● **Task details**
In the entries below, begin at the line that has "было ни души.", stop after the line that has "Camicia tg. 48, nuova, colore", and output those lines exactly with no pictures.

● **Records**
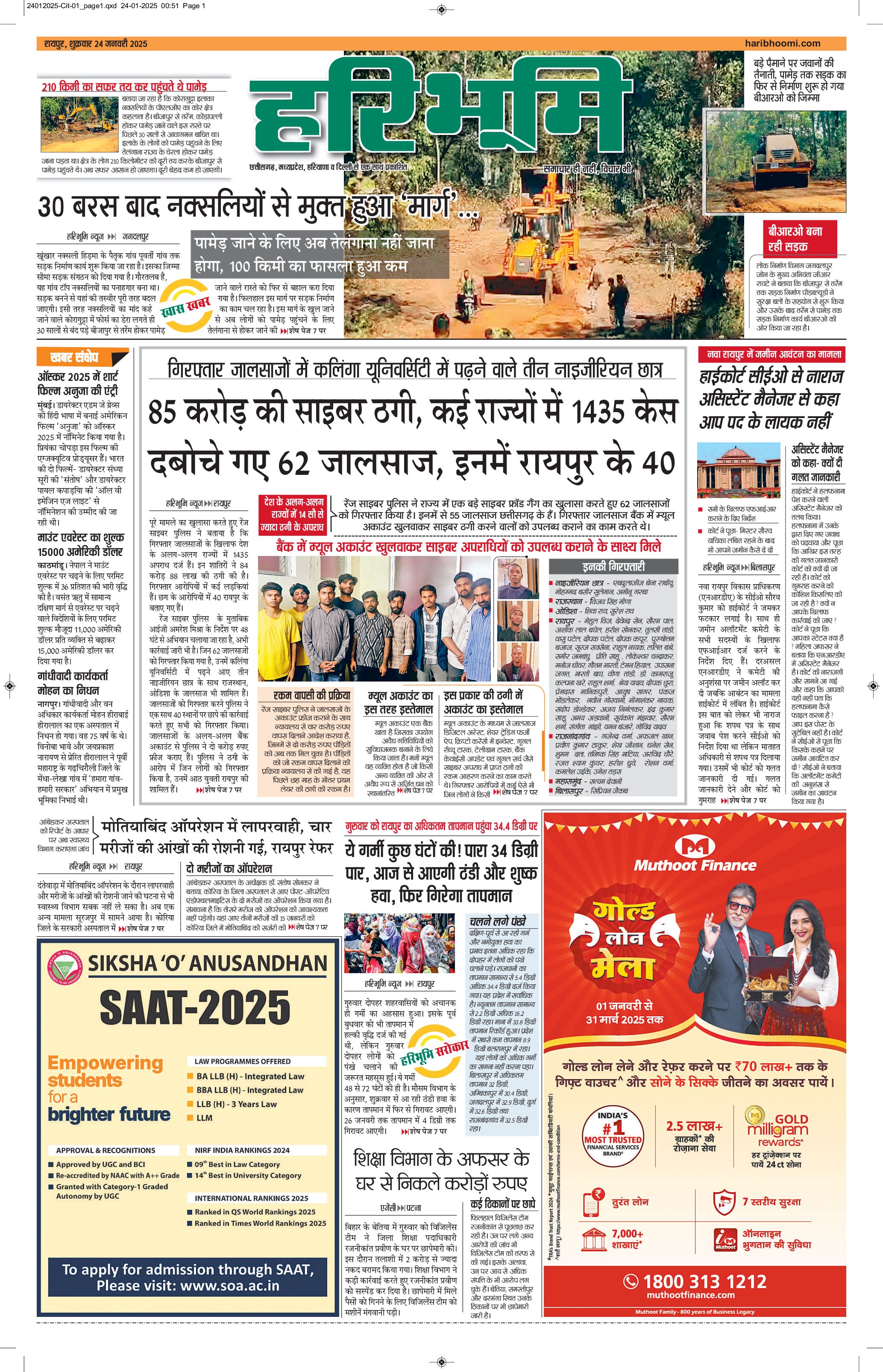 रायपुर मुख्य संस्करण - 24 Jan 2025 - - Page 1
...
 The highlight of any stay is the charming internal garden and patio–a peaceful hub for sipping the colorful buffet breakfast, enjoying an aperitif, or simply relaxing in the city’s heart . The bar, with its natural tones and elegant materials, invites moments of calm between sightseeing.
* * *
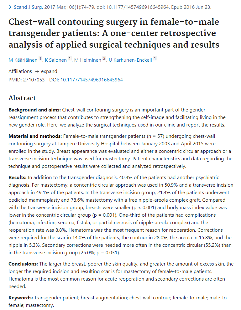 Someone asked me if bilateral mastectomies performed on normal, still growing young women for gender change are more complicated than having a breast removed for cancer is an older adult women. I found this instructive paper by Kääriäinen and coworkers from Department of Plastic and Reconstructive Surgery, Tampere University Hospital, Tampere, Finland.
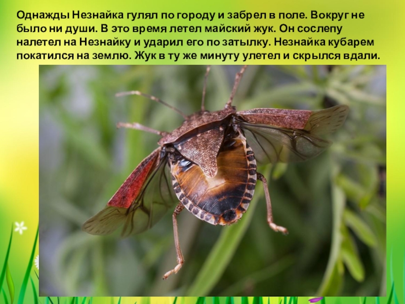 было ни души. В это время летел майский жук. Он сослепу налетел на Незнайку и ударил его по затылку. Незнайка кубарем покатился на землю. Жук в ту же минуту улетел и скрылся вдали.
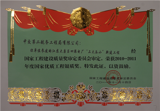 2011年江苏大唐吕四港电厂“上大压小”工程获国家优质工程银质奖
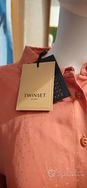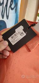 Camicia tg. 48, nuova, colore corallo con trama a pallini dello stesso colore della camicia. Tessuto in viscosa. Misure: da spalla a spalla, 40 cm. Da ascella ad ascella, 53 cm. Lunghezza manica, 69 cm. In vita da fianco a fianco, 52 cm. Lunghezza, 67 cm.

● **Your response**
 было ни души. В это время летел майский жук. Он сослепу налетел на Незнайку и ударил его по затылку. Незнайка кубарем покатился на землю. Жук в ту же минуту улетел и скрылся вдали.
 2011年江苏大唐吕四港电厂“上大压小”工程获国家优质工程银质奖
 Camicia tg. 48, nuova, colore corallo con trama a pallini dello stesso colore della camicia. Tessuto in viscosa. Misure: da spalla a spalla, 40 cm. Da ascella ad ascella, 53 cm. Lunghezza manica, 69 cm. In vita da fianco a fianco, 52 cm. Lunghezza, 67 cm.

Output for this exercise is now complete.